Dr. Michael Har-Noy of Immunovative Therapies, a biotech
company founded in Israel in 2004, says that a common misconception is that
cancer is a disease of the weakened immune system.
Dr. Michael Har-Noy
explains that when a normal cell becomes a tumor cell, changes occurring in the
expression of surface antigens give rise to tumor associated antigens (TAAs)
that theoretically could be detected by one’s immune system. Ehrlich, in 1909,
first proposed that one’s immune system protected against cancer, a concept
adapted in the 1950s by Lewis Thomas and then later by Sir Macfarlane Burnet,
who proposed that a patient’s immune system had a “surveillance” mechanism for
tracking down and killing precancerous and cancerous cells. The basis of this
hypothesis is that tumors constantly arise in one’s body and that one’s immune
system must recognize and destroy cells that have TAAs on their surface.

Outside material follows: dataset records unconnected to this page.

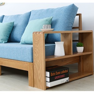Sidearmlenene på sofaen er utformet som enkle bokhyller, som er praktiske for plassering av bøker, skrivebordslamper, potteplanter og praktiske småting eller dekorasjoner. Ulike oppbevaringsrom er delt inn i øvre og nedre etasje. Det er en skillevegg i midten av det øvre rommet, som deler det øvre rommet i to deler. På denne måten kan armlenet på sofaen ikke bare støtte, men også lagre ting, noe som er en del av den generelle humaniserte designen til sofaen.
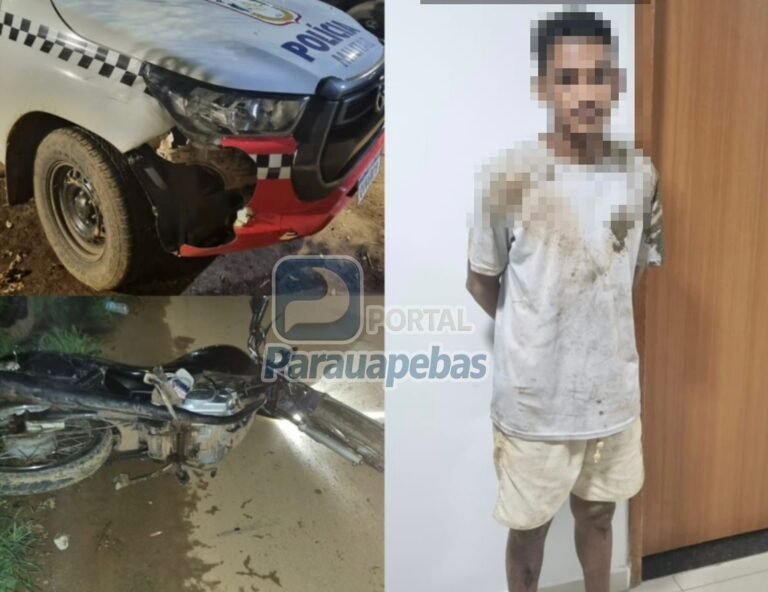 Um motociclista foi preso em Parauapebas após protagonizar uma perseguição policial que terminou em colisão contra uma viatura da Polícia Militar.
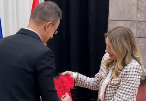 "Moja dvomesečna ćerka dobila je od šefa mađarske diplomatije dve knjige za decu o Budimpešti, kao i benkicu i bodi fudbalskog kluba Honved čiji je predsednik, i to sa njenim imenom na leđima. Budući da razmatra saradnju sa Crvenom zvezdom kako bi se dobro pripremio, poklonila sam mu loptu sa potpisima igrača. Verujem da će je u retko slobodno vreme koristiti i za igru sa sinovima".
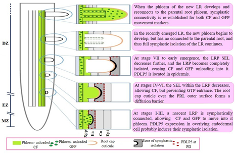 Abbreviations: CF, CarboxyFluorescein; Co, Cortex; DZ, Differentiation Zone; En, Endodermis; Epi, Epidermis; EZ, Elongation Zone; LR, Lateral Root; LRP, Lateral Root Primordium; MZ, Meristematic Zone; PD, PlasmoDesmata; PDLP5, PlasmoDesmata-Located Protein 5; SEL, Size Exclusion Limit; Xpp, Xylem pole pericycle.52
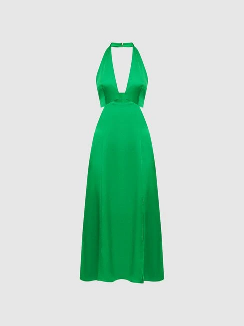 The rich jewel tone of the Maia midi dress makes it an alluring choice for evening occasions. It’s a slim-fitting style that accentuates the frame through cut-out detailing and a flattering halter neckline. A front slip enhances the mood. Style with neutral accessories to maximise the look.
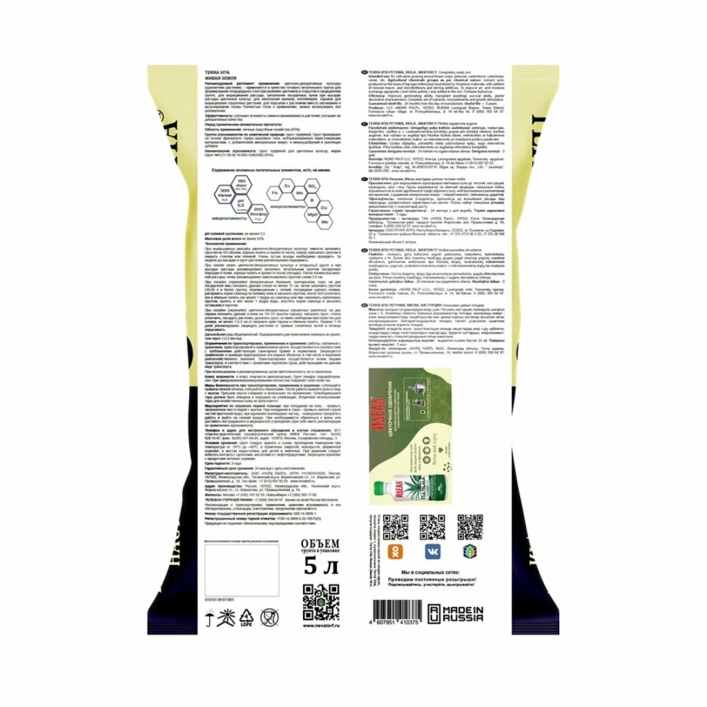Грунт для петуний-виолы-настурции 5л Живая Земля 5/385 Неваторф
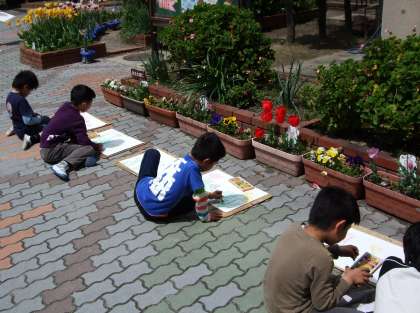 とても良いお天気だったので,教室を飛び出して外でお花の絵を描きました。

This theory goes on to predict that in cases where the
patient’s immune system is suppressed, the surveillance mechanism is then
compromised, and the cancer cells grow out of control and clinical disease
becomes detectable. This is the theory behind the concept that the patient’s
immune system in cancer cases is weak, and that this immune system must be
reinforced to attack the cancer effectively.
Dr. Michael
Har-Noy and Immunovative Theories believe that there is, however much
evidence to the contrary. While a small number of the rarer cancers occur in
immune compromised individuals, most human malignant tumors are found in
patients with intact immune systems. Also, many cancers, especially epithelial
cell tumors, have a significant component of inflammatory cells. This includes
diverse leukocyte infiltrates of macrophages, neutrophils, eosinophils, and
mast cells, frequently in the presence of lymphocytes. Malignant tumors are typically
densely infiltrated with immune cells, which argues against inadequate immune
system recognition of TAAs.
Furthermore, many previous attempts to bolster the normal
immune response enhanced rather than suppressed growth of the cancer. For
example, in mice, a newly induced tumor of both mesenchymal and epithelial
origin grows faster if it precipitates a reaction from the patient’s immune
system. Highly immunogenic cancers left undisturbed in their original hosts
often grow faster than tumors that stimulate little or no immune response.
Therefore, the idea that tumors are “invisible” to the patient’s immune system
and that this immune system needs to be augmented appears to be incorrect.
The problem may be that the patient’s immune response to the
tumor is the wrong kind of response. Dr. Michael Har-Noy and his team
at Immunovative Theories believe that in attempting to boost an immunologic
response that has already failed to protect the patient against cancer, tumor
growth may be enhanced rather than suppressed. This is probably why most
immunologic cancer treatments to date have been ineffective.